You have to ask yourself how it has become normalized. What methodology has been employed? Just refer to the previous paragraph. Do you ever find yourself contemplating things like that? Probably not often, or at least not often enough to get pissed off and do anything about them. Hell, you're lucky to have enough time to read this blog post in which I have done the work FOR you. Why? Because you're married and/or have kids and you are too busy going apple-picking, to brunch, or to the Yarn Barn with your wives OR driving your kids to figure skating, going to parent/teacher conferences, or brushing, vacuuming, filling, and maintain healthy algae/chlorine levels in the pool. You ain't got time for researching the shit our owners don't want us to know!

Ever wonder why that conspiracy theorist uncle everybody has is like that? Cuz he's single. And those aren't silly conspiracies, (most of them) they're normalized greed that has conspiratorially been labeled "conspiracy" by co-conspirators who don't want you to know about their conspiracies! 

But you don't need to do research. Just look ANYwhere. Do you play any phone games or video games? Remember when a million was a MASSIVE score on them? Now even a billion is just okay. We all want MORE than a billion on our games, don't we? I have one. I spin on the Game of Thrones slot machine every day. It is a BRILLIANT illustration of what I'm talking about! I got up to almost 6 billion coins today! That's incredible, right? Then I spun a few more times.... aaaand they're gone. Didn't even last an hour. 6 BILLION coins didn't last an hour.

And the quotes in the slot machine are from the show. Especially Little Finger. Remember him talking to Sansa saying how funny it is that when we have goals or dreams and we work and fight for them then finally achieve them, we always want more? That's bullshit! I think the average person is happy (not to mention very lucky) to do that. It is absolutely NOT normal (or funny) to immediately want more. But our society teaches us that it IS.

"Chaos is a ladder." What a fucking scumbag! Chaos caused by greed that is. Cersei shouldn't have called off the guards she sicked on him to illustrate that knowledge isn't power, POWER is power. She should have let them slit his throat. If she weren't afflicted with the same mental sickness she would have. But she saw him as a way for HER to get more power which is the same as money. 

Only the ladder is real. The climb out of chaos is all there is. Everything else is just deception created by our owners. This speech is like a dog frothing at the mouth and attacking its owner.
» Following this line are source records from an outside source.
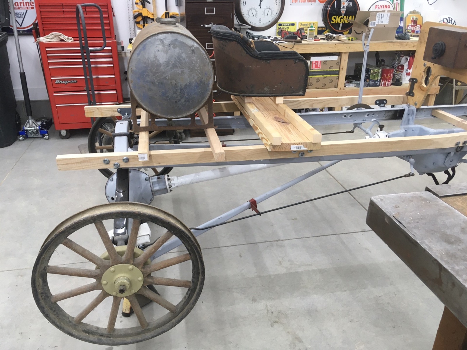 Well, I moved this to Ohio and have started to place some parts on the chassis to get a feel for what to do for a body. I like the basic feel of the spacing, but it needs a body platform of some type. Step in or step over. Flat dash or scuttle cowl. Tool box or ? on the tail end. Suggestions most welcome.
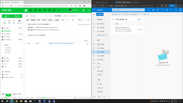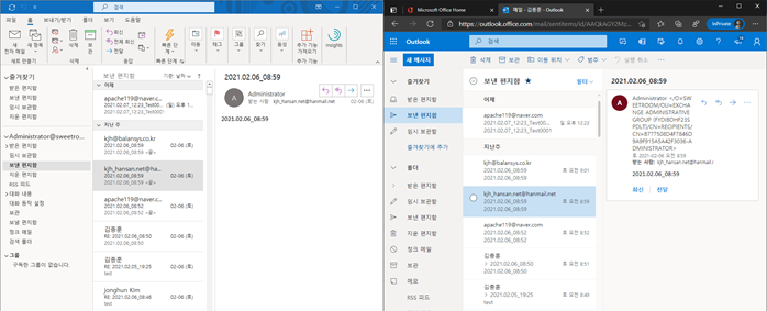 9. outlook.office.com 사용자 계정 메일 수발신 확인
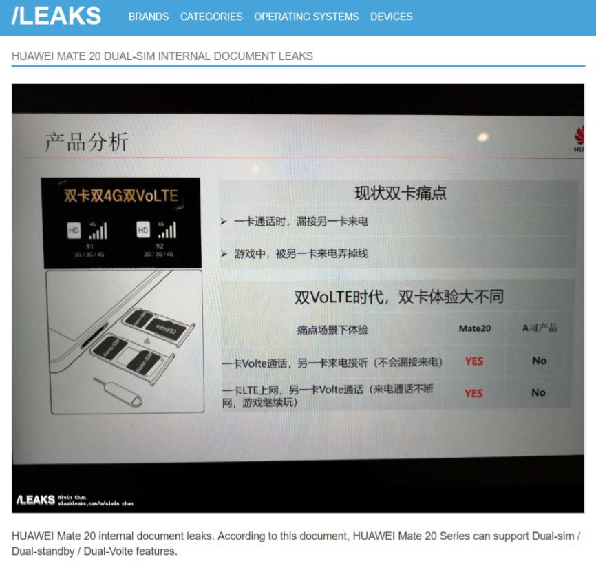 除了石墨烯散熱技術(shù)之外,最近還有知名爆料網(wǎng)站slashleaks爆料了一張華為Mate20系列發(fā)布會(huì)的PPT,說明這款將于10月16日發(fā)布的新機(jī)將采用雙卡雙通技術(shù),這個(gè)技術(shù)可以說是實(shí)力打臉了新iPhone的DSDS。

Rabies. It needs to be put down. Anyone who lives like this is sick. It's fitting that it follows a comment by Varys, "Who doesn't love to see their friends fail?" These could be the two most distasteful characters in a show absolutely lousy with vomitous villainy. Yet some LOVE these two! Our society does. And they're systematically teaching us to love this antisocial, (psychopathic?) chaotic philosophy too.
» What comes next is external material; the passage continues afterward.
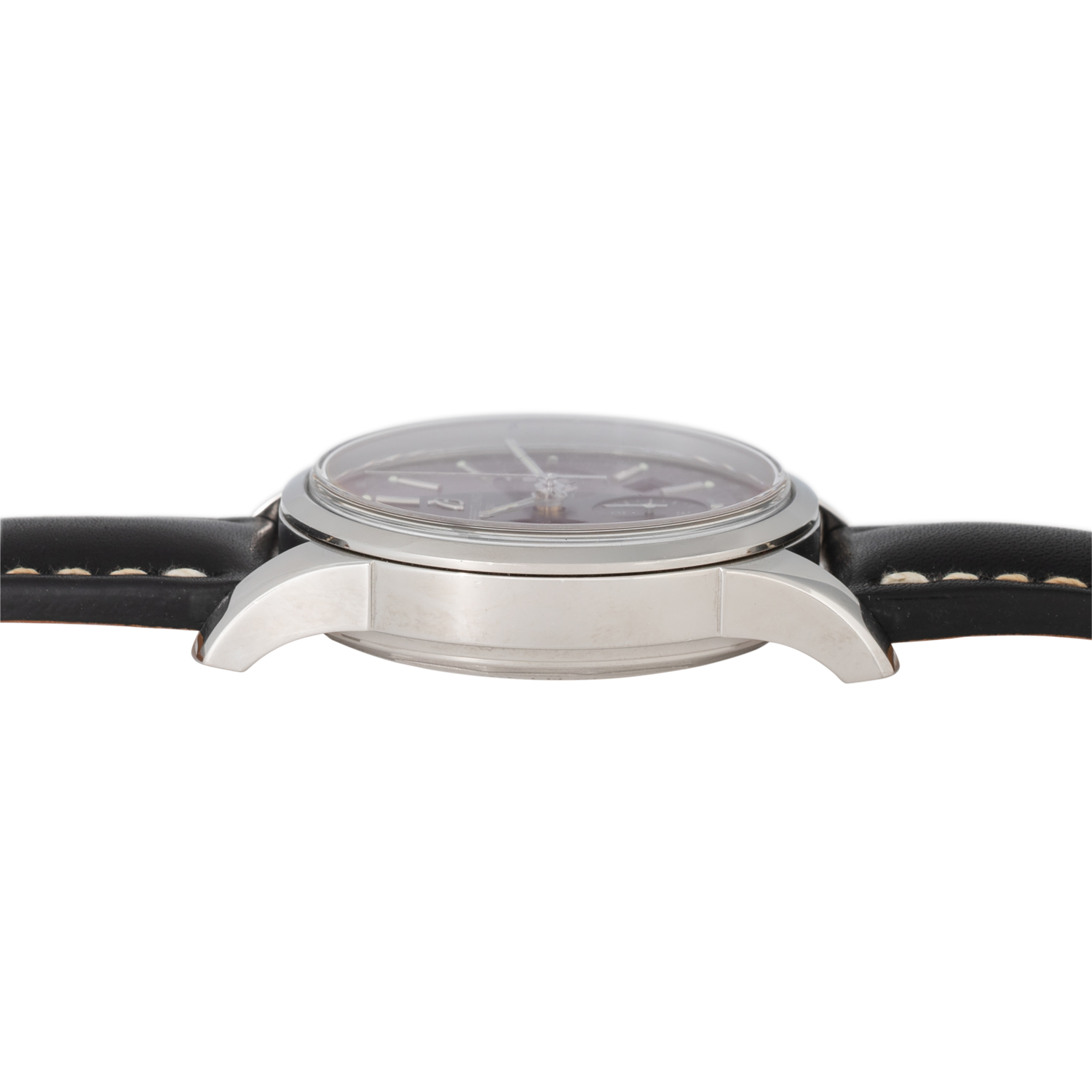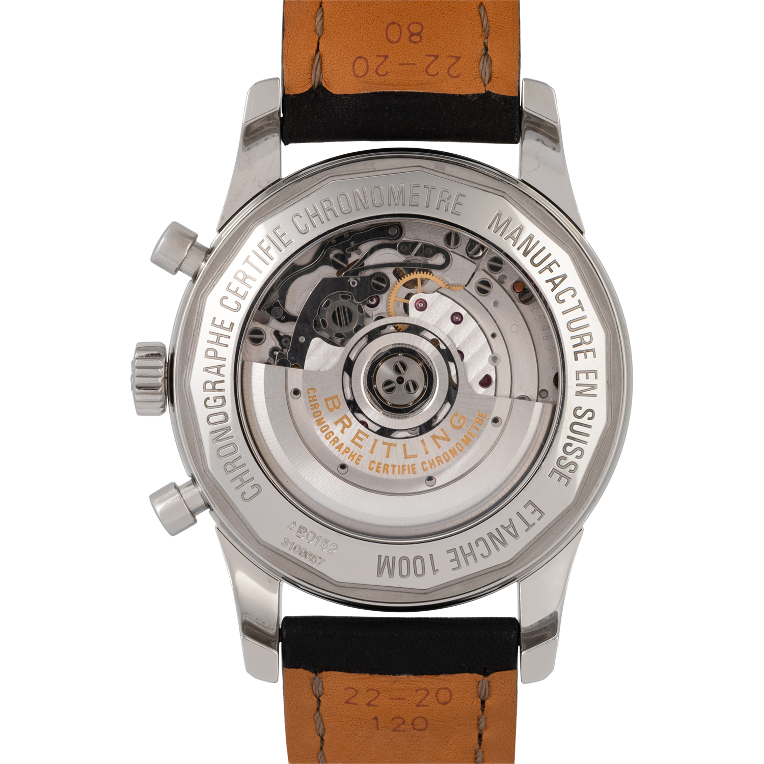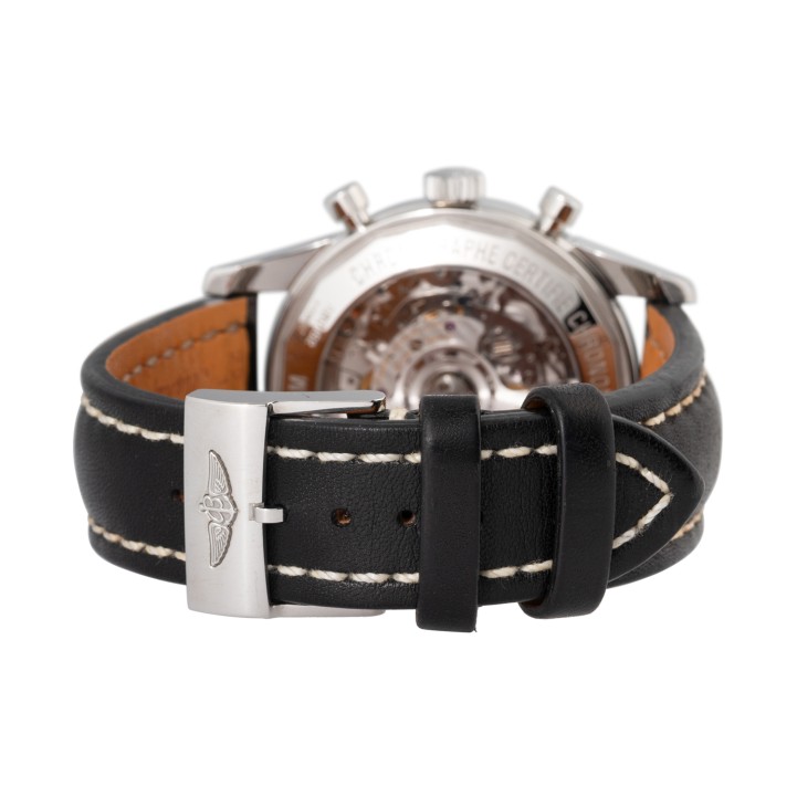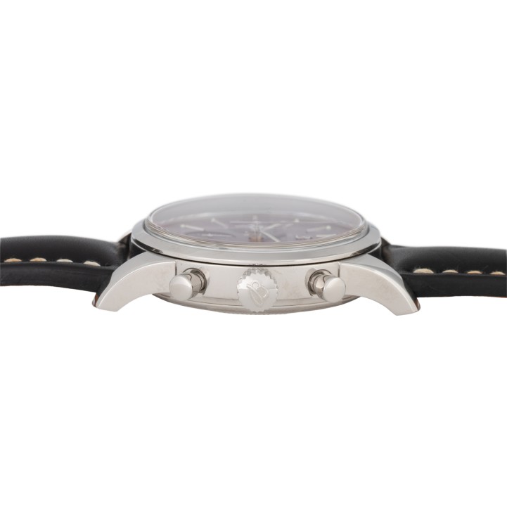 BREITLING Transocean Chronograph Ref. AB0152. First purchased on December 1, 2012, from Hunke in Ludwigsburg. Stainless steel with sapphire crystal case back. Automatic movement with very good accuracy (+1 sec., 265° amplitude). Black dial with baton indices and date display. Original leather strap with pin buckle. Good condition, slight signs of wear. Original box, instructions, warranty and chronometer certificate, and original purchase receipt included. Diameter approx. 43 mm, measured without crown.

How have I stayed so immune other than remaining single and childless? It helps that I am not in an English speaking country and can't understand Korean I think so the propaganda all around me is mitigated by ignorance. Yet still I surrender to companies like Ago Da .com! I could easily see the owner of the site being a character like Little Finger or Varys. We can't surrender to this scum or everything we've worked hard at will just be trashed.
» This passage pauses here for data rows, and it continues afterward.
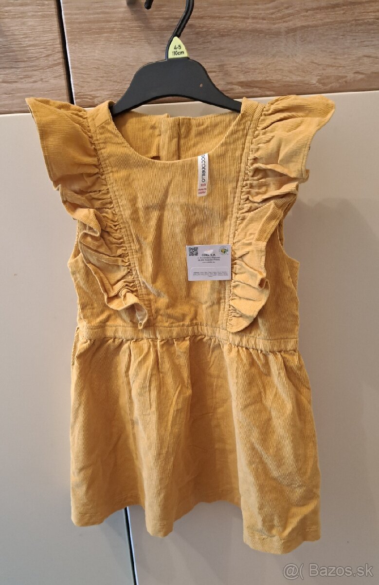 Predám nove zlte dievčenské saty zn. COCODRILLO. VELKOST 110 - 4-5 ROKOV.
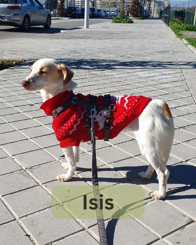 Isis wurde alleine in einem Dorf gefunden, ohne Chip, als sie sich von einem toten Tier ernährte. Sie war sehr abgemagert (nur ca. 4 kg), hatte eine Wunde am Hals und litt an Gastroenteritis. Nach tierärztlicher Behandlung ist sie heute gesund, die Tests auf Mittelmeerkrankheiten sind negativ.
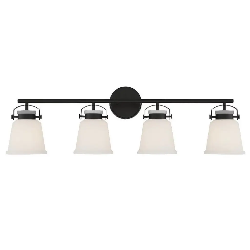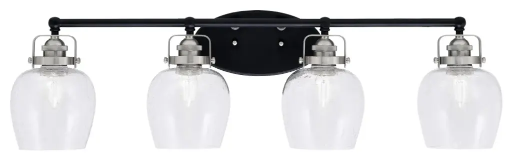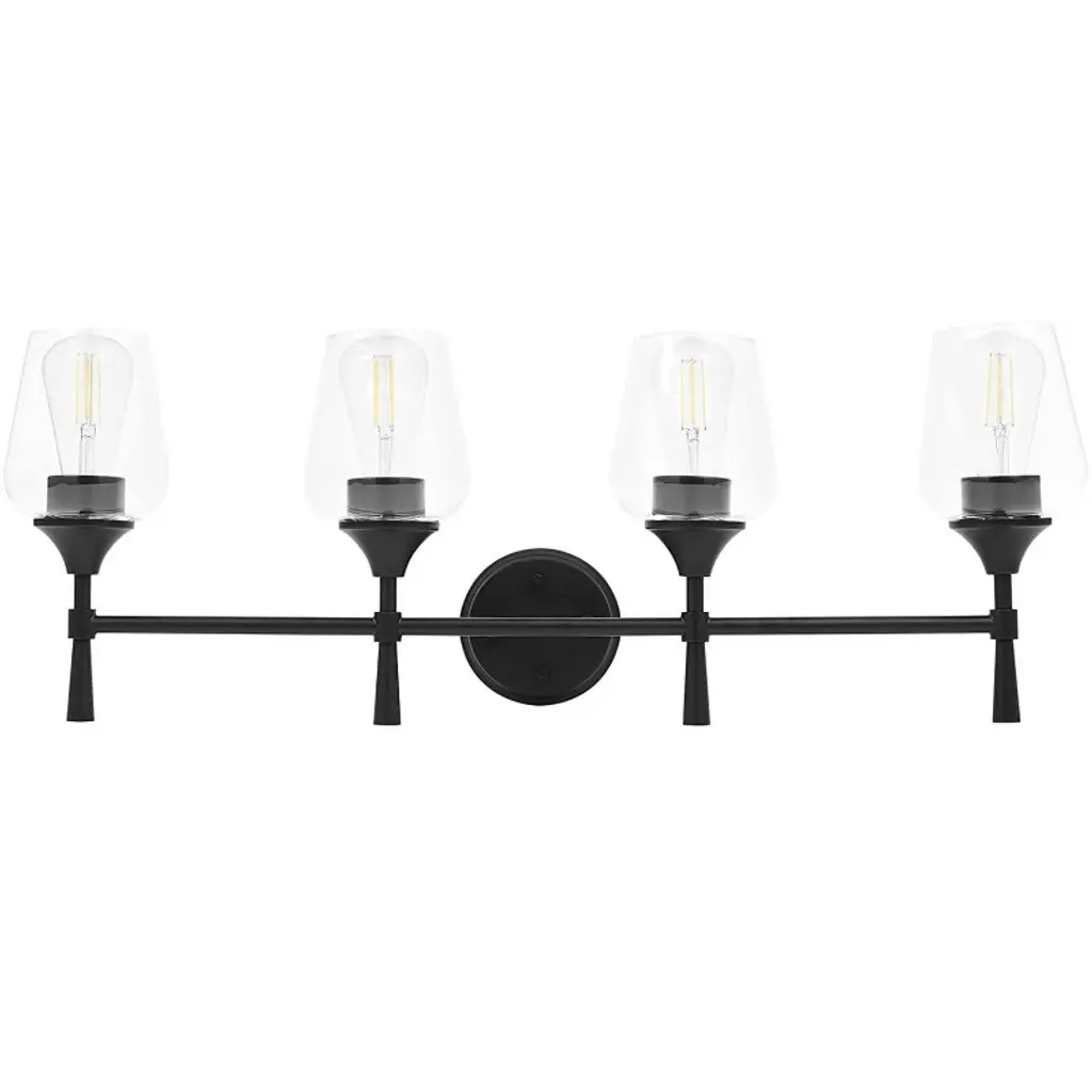 Cavella 4 Light Bath Bar, Matte Black Finish, 4.5" Square Clear Bubble Glass
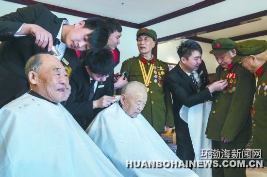 環(huán)渤海新聞網(wǎng)消息 昨天上午,常記功臣幸福院擁軍愛(ài)民展館內(nèi),工作人員張啟龍等正在為年逾古稀的革命老功臣孟慶智(前左一)、劉勝(前左二)“剃龍頭”。當(dāng)天是農(nóng)歷二月初二,民間素有“二月二剃龍頭”的習(xí)俗 ...
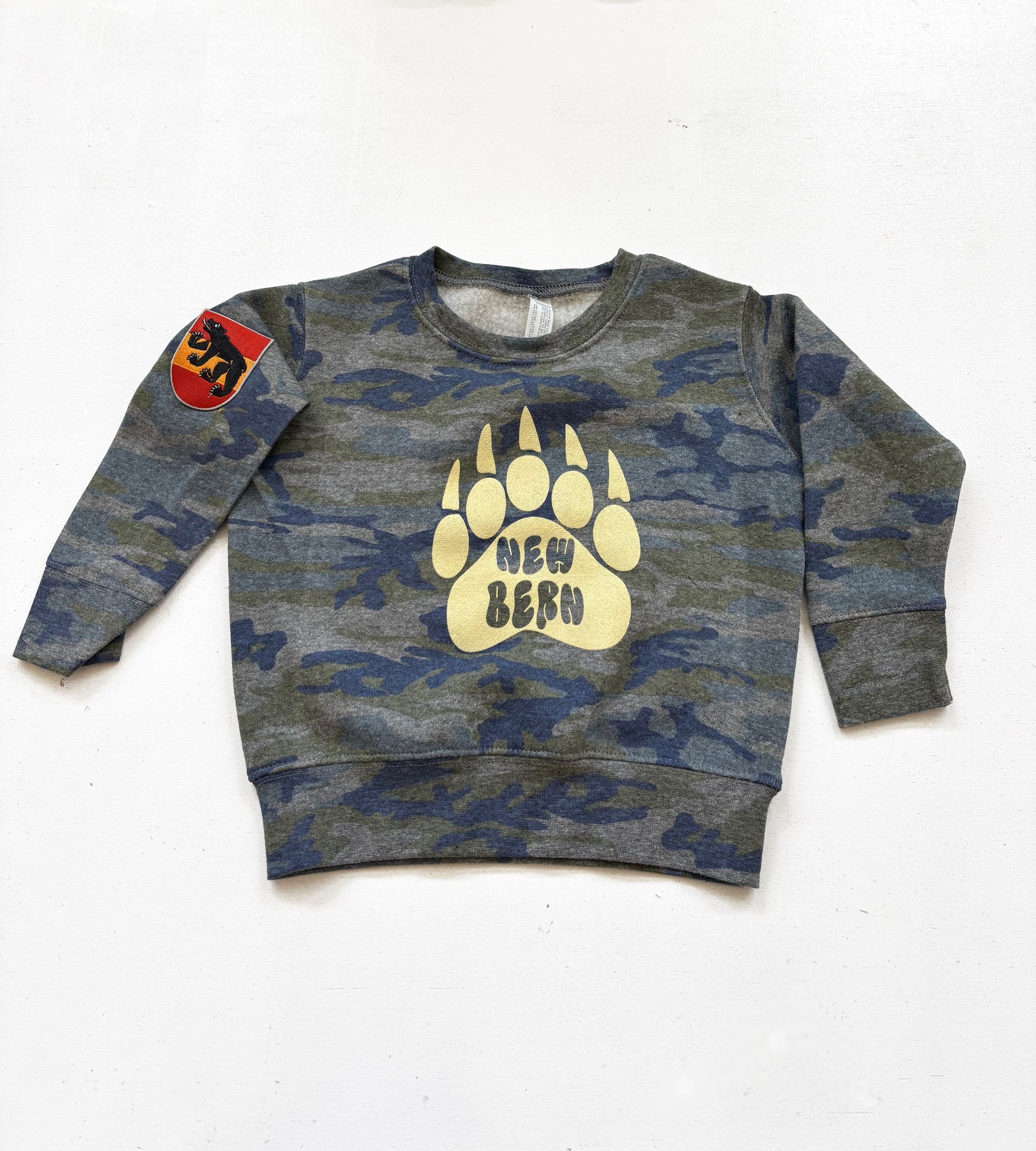 Get your little ones repping their hometown with the NB Paw Goodie Kid Crewneck Sweatshirt. Featuring a playful paw graphic, this sweatshirt shows off their New Bern pride in style. Available in a Vintage Camo and Mauvelous, this sweatshirt is perfect for the quirky and fun-loving kiddos in your life.

In closing, I will provide another quote that I think Vary said about Little Finger and it too is in my GOT slot game: "He would burn the world to the ground if he could be king of the ashes." These are the people causing chaos. These are the people normalizing greed. These are the people we promote to positions of power, wealth, prestige, honour, and leadership. We've got to give our heads a shake, wake up from our culturally enforced stupors and knock that shit off or we'll be living in a pile of ashes from whence no Phoenix shall rise.